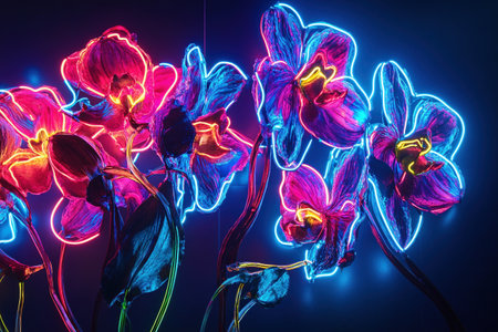 Glowing Neon Orchids: Vibrant and Futuristic Floral Display in Darkness
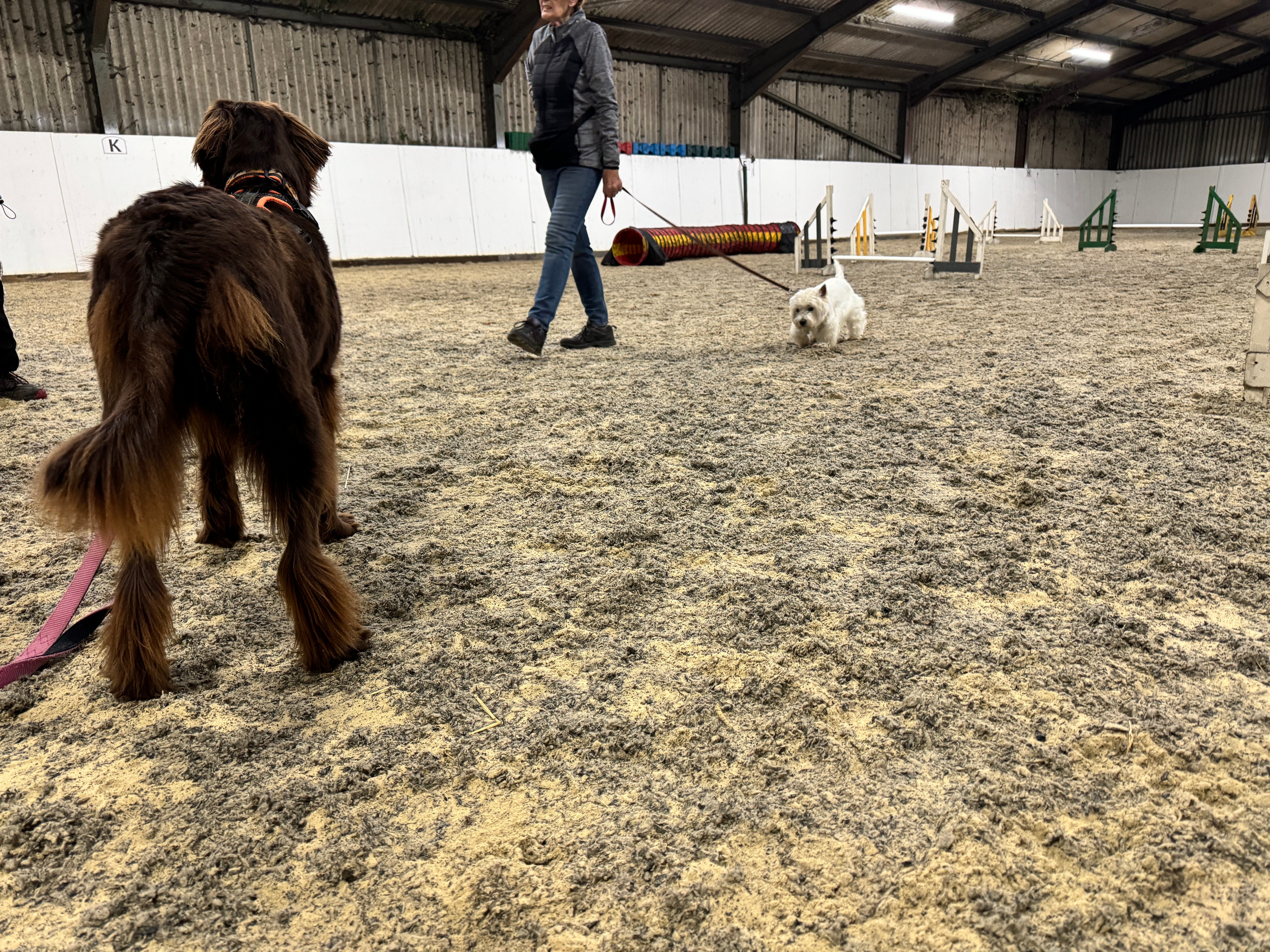 We also tried agility for the first time this week. Fergus had a great time bouncing around over the jumps and cottoned on fairly quickly that he was supposed to jump over the gates and not just sniff and pee on them. He even managed the tunnel with the help of a new blonde bombshell friend. We’ll certainly be going back.
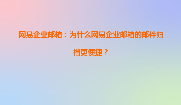 2025-08-05網(wǎng)易企業(yè)郵箱郵件歸檔功能的高效便捷性 一、智能化歸檔技術(shù)提升管理效率 網(wǎng)易企業(yè)郵箱采用先進(jìn)的智能化歸檔技術(shù),通過預(yù)設(shè)規(guī)則自動(dòng)分類存儲(chǔ)郵件,支持按時(shí)間、發(fā)件人、主題等多維度快速歸檔。管理員無需手...
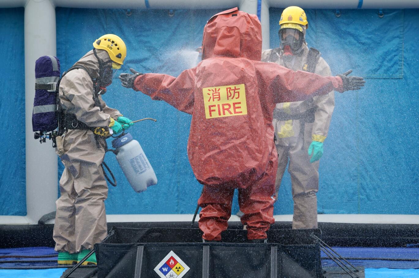 演習模擬恐怖分子投放有害化學氣體後,身穿防化服的警察在現場搜捕。
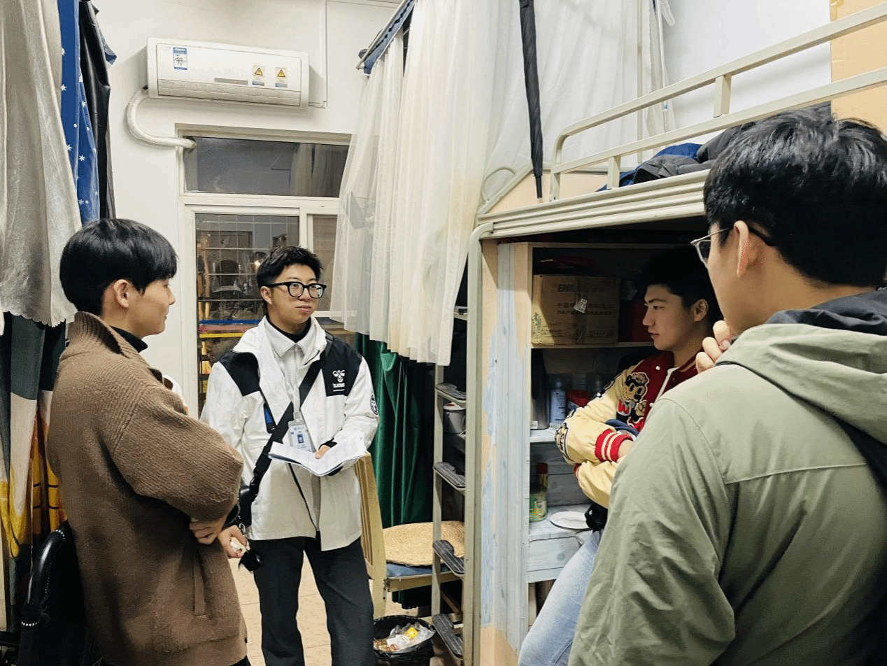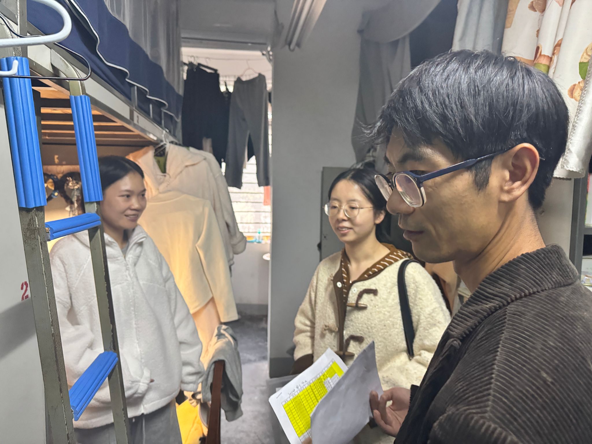研究生辅导员刘爽、文璐、靳钰涵老师,分别前往了2024级、2023级和2022级研究生宿舍进行走访,与同学们进行了亲切的交流并检查宿舍安全情况。刘爽老师鼓励同学们要珍惜时光,不断提升自己的综合素质和专业能力。靳钰涵老师耐心倾听学生们的学习困惑,以及生活中的点滴小事,并给予了针对性的建议和鼓励。文璐老师提醒同学们要注意劳逸结合,关注身体健康与心理健康,保持良好的学习和生活状态。
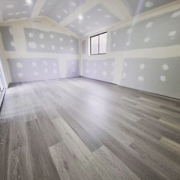 This project was undertaken in Kingsley. The homeowner commissioned us to convert their existing Colorbond shed into a comfortable and functional living space. The project involved framing the internal walls and raked ceiling with timber, installing timber stud walls, insulating the entire structure, and lining the walls and ceiling. To finish the conversion, the team installed vinyl plank flooring and a new glass sliding door.
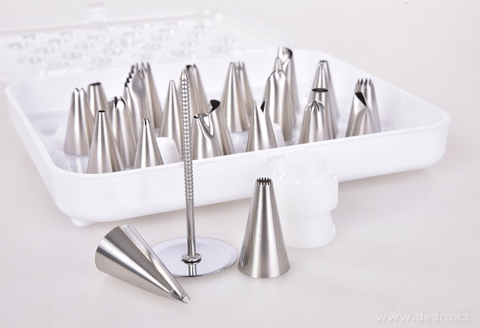 Sada 28 cukrářských špiček CREMO v praktickém kufříku pro zdobení dortů, zákusků, sušenek i slaných dobrot. Obsahuje i hřebíky a spojku. Ideální pro domácí i profi cukráře.
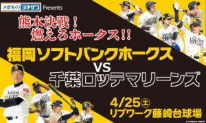 日本職棒球隊 福岡軟銀鷹(Fukuoka SoftBank Hawks) 將於 4月25日(星期六) 在 熊本・Livwork 藤崎台球場 與 千葉羅德海洋(Chiba Lotte Marines) 展開對戰。 http […]
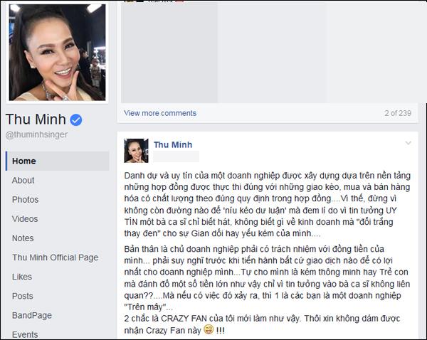 Hơn nữa, Thu Minh khẳng định "Danh dự và uy tín của một doanh nghiệp được xây dựng dựa trên nền tảng những hợp đồng được thực thi đúng với những giao kèo, mua và bán hàng hóa có chất lượng theo đúng quy định trong hợp đồng....Vì thế, đừng vì không còn đường nào để 'níu kéo dư luận' mà đem lí do vì tin tưởng Uy tín một bà ca sĩ chỉ biết hát, không biết gì về kinh doanh mà "đổi trắng thay đen" cho sự Gian dối hay yếu kém của mình....
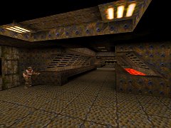 ![]() This is the latest industrial base level from Tiddles, and follows the same trademark style exhibited in Outpost-alpha, Strong-hold, and Valour (all reviewed). Fairly simple designs, all sticking to the same strong theme: grimy concrete and rock walls, lots of metal trim, with plenty of grilles, vents, and hi-tech lights as details. Add some crates, season with lava, stir in plenty of base enemy, garnish with the usual professional build quality, and serve on the TEAMShambler menu for hungry Q1 SP diners. This theme is becoming formulaic now, but it still works and provides a good level. Architectural highlights include a couple of good open rooms, the bigger pillared one is quite impressive, and the long corridor with angled vents above lava "shelves" on each side is an interesting design. Otherwise, the designs are simple - sometimes too simple and square - but good details like lights and pipes make them attractive. This level would definitely benefit from more spectacular architecture, but what's here is done well. Gameplay provides an equally straightforward experience, with no secrets to find and no exploration along a linear route to the exit. There is some backtracking through the map, but a few reinforcements keep you busy. Combat revolves around the usual base enemy, with a few Ogres to spice things up. Enemy tend to attack in gangs, which works well with base enemy, in particular the cool sentry posts. These are sealed rooms with long narrow slits from which multiple Grunts snipe at you, a good test of your aiming skills to kill them quickly. Elsewhere the combats are quite obvious, though the plentiful enemy can provide a fair challenge, with careful sniping being a good tactic. However the ending is weak - you get an unnecessary Perforator (until this point, weapons and health are well balanced for the combats), and although it's fun slaughtering the Grunt cannon fodder, there is no satisfying climax to finish. But for a quick burst of Quake action, it's a worthy map. - - - - - - ![]() |
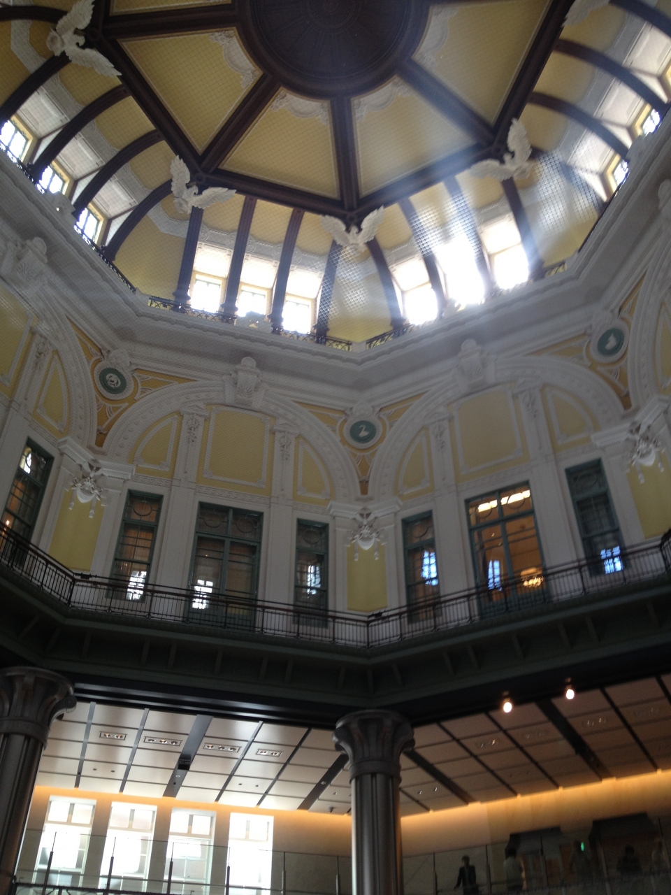 東京駅赤レンガ駅舎 (とうきょうえきあかれんがえきしゃ)の内部です。新駅舎内は、採光が採れていて、とても明るい雰囲気の良い駅舎内です。とても多くの人で 駅舎内は、ざわついていますが、採光が取れているので見ているだけで気分がいいです。
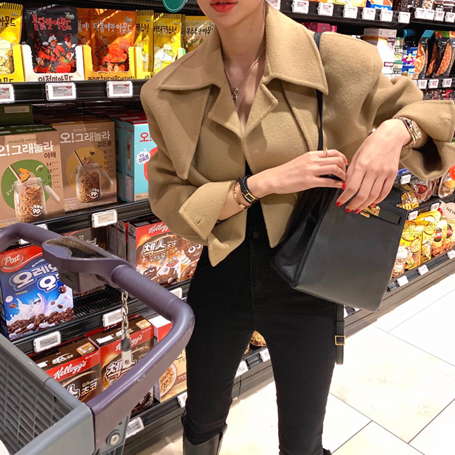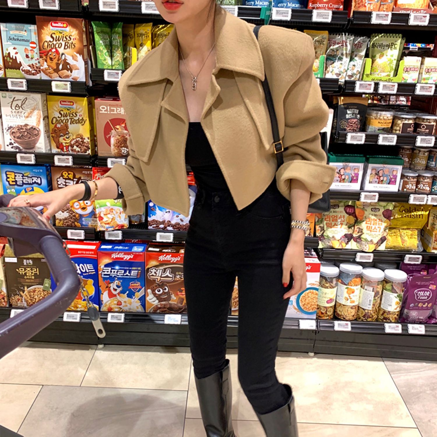 South Korea East Gate fall winter 2020 temperament Lapel woolen coat womens short woolen coat Khaki OneSize
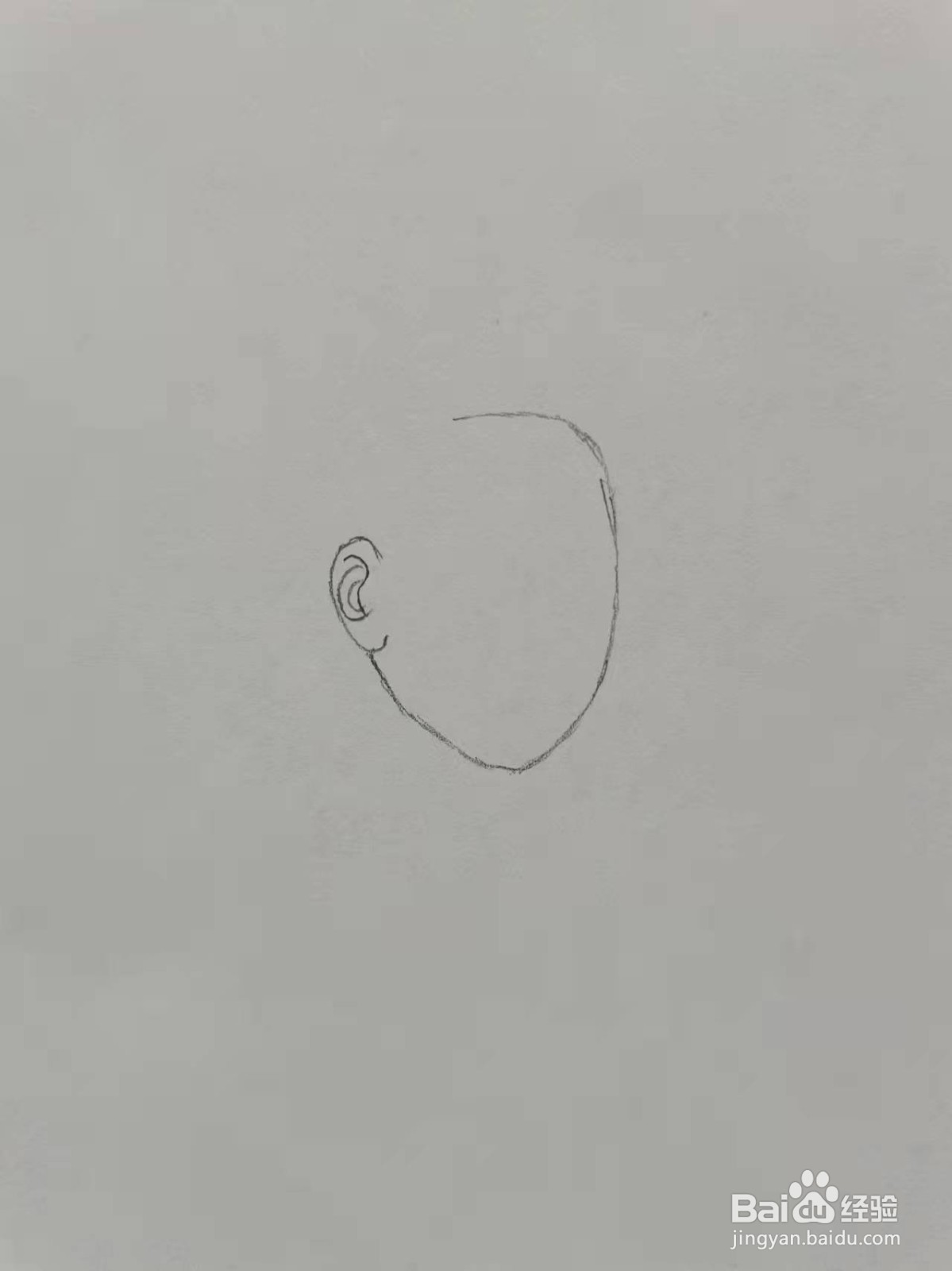 2、然后,我们画卡通科学家的眼睛和嘴巴。
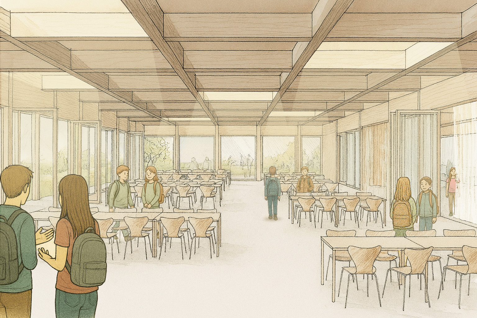 So entsteht ein Gebäude, das Architektur, Pädagogik und Landschaft zu einer selbstverständlichen Einheit verbindet – vertraut im Maßstab, zeitgemäß in seiner Haltung.
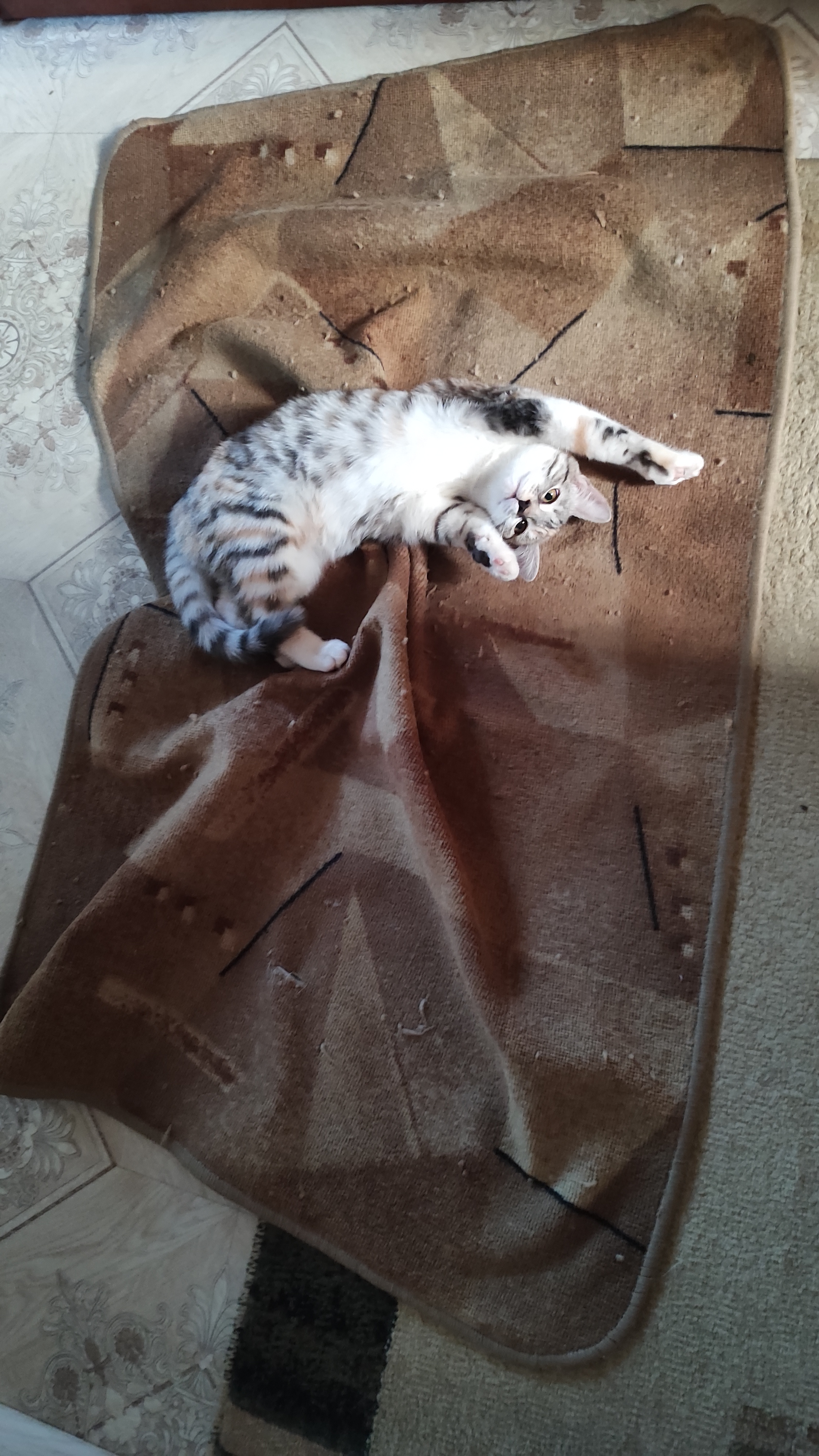 Фото питомца: кошка катается по коврику
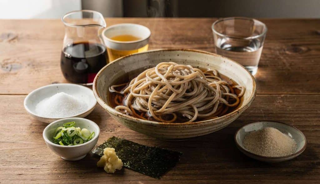 le mentsuyu est une sauce japonaise traditionnelle incontournable, souvent utilisée pour agrémenter les nouilles comme les sobas, udons, ou somens. Cette préparation, à la fois savoureuse et polyvalente, peut transformer vos plats de nouilles en délices dignes des meilleures tables nippones. La sauce repose sur l’équilibre des saveurs entre le salé de la sauce soja, le sucré du mirin, et le goût umami du dashi.
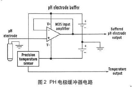 高阻抗PH傳感器可與具有低功率電路(僅需要2個1.5V電池供電)的放大器配對(圖2)。放大器MOS輸入晶體管為傳感器提供高阻抗,傳感器輸出阻抗為1MW或更大。此放大器的輸入偏置電流小于1pA,所以,放大器工作消耗非常小的電流。放大器的失調(diào)電壓小于1mV。放大器提供軌到軌工作并具有高驅(qū)動能力,能在長線上發(fā)送信號(放大器遠離ADC的情況)。在電路中增加了一個精密溫度傳感器,可以測量PH傳感器的溫度。這使得具有精確的PH溫度補償值。
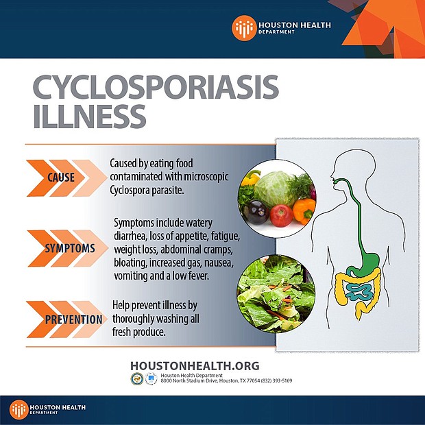 The Houston Health Department, Harris County Public Health (HCPH), and the Fort Bend Health & Human Services (FBCHHS) have received reports of an increased number of Cyclospora infections within their jurisdictions and urge people to use caution this summer while cooking and spending time outdoors.
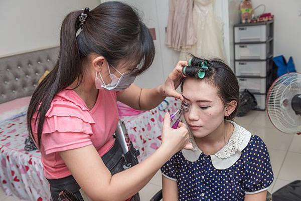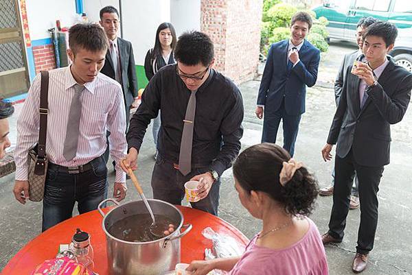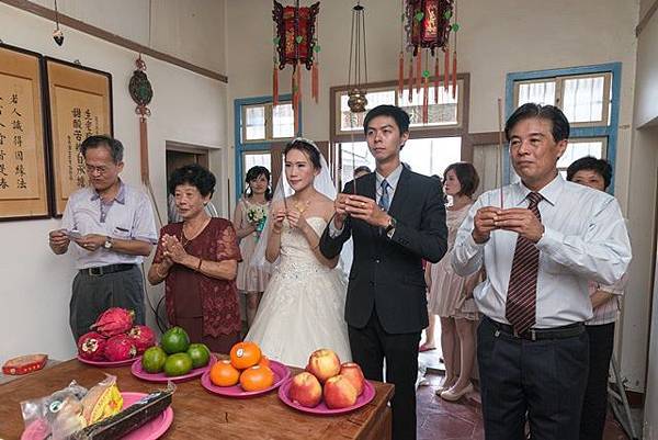 就在我梳化的同時,另一邊主副攝BRUCE正在下營阿嬤家拍男方結綵、行前的準備工作
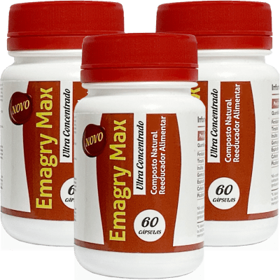 Emagry Max atua como auxílio no emagrecimento: tem ação termogênica, neutraliza a gordura, acelerando o metabolismo e consequentemente o gasto calórico.

◇ ◇ ◇ ◇ ◇

TASK DIRECTIONS – In the records above, find the line with "演習模擬恐怖分子投放有害化學氣體後,身穿防化服的警察在現場搜捕。" and the line with "Hơn nữa, Thu". Write out exactly those lines and every one between, with no pictures and no other lines.

OUTPUT –
 演習模擬恐怖分子投放有害化學氣體後,身穿防化服的警察在現場搜捕。
研究生辅导员刘爽、文璐、靳钰涵老师,分别前往了2024级、2023级和2022级研究生宿舍进行走访,与同学们进行了亲切的交流并检查宿舍安全情况。刘爽老师鼓励同学们要珍惜时光,不断提升自己的综合素质和专业能力。靳钰涵老师耐心倾听学生们的学习困惑,以及生活中的点滴小事,并给予了针对性的建议和鼓励。文璐老师提醒同学们要注意劳逸结合,关注身体健康与心理健康,保持良好的学习和生活状态。
 This project was undertaken in Kingsley. The homeowner commissioned us to convert their existing Colorbond shed into a comfortable and functional living space. The project involved framing the internal walls and raked ceiling with timber, installing timber stud walls, insulating the entire structure, and lining the walls and ceiling. To finish the conversion, the team installed vinyl plank flooring and a new glass sliding door.
 Sada 28 cukrářských špiček CREMO v praktickém kufříku pro zdobení dortů, zákusků, sušenek i slaných dobrot. Obsahuje i hřebíky a spojku. Ideální pro domácí i profi cukráře.
 日本職棒球隊 福岡軟銀鷹(Fukuoka SoftBank Hawks) 將於 4月25日(星期六) 在 熊本・Livwork 藤崎台球場 與 千葉羅德海洋(Chiba Lotte Marines) 展開對戰。 http […]
 Hơn nữa, Thu Minh khẳng định "Danh dự và uy tín của một doanh nghiệp được xây dựng dựa trên nền tảng những hợp đồng được thực thi đúng với những giao kèo, mua và bán hàng hóa có chất lượng theo đúng quy định trong hợp đồng....Vì thế, đừng vì không còn đường nào để 'níu kéo dư luận' mà đem lí do vì tin tưởng Uy tín một bà ca sĩ chỉ biết hát, không biết gì về kinh doanh mà "đổi trắng thay đen" cho sự Gian dối hay yếu kém của mình....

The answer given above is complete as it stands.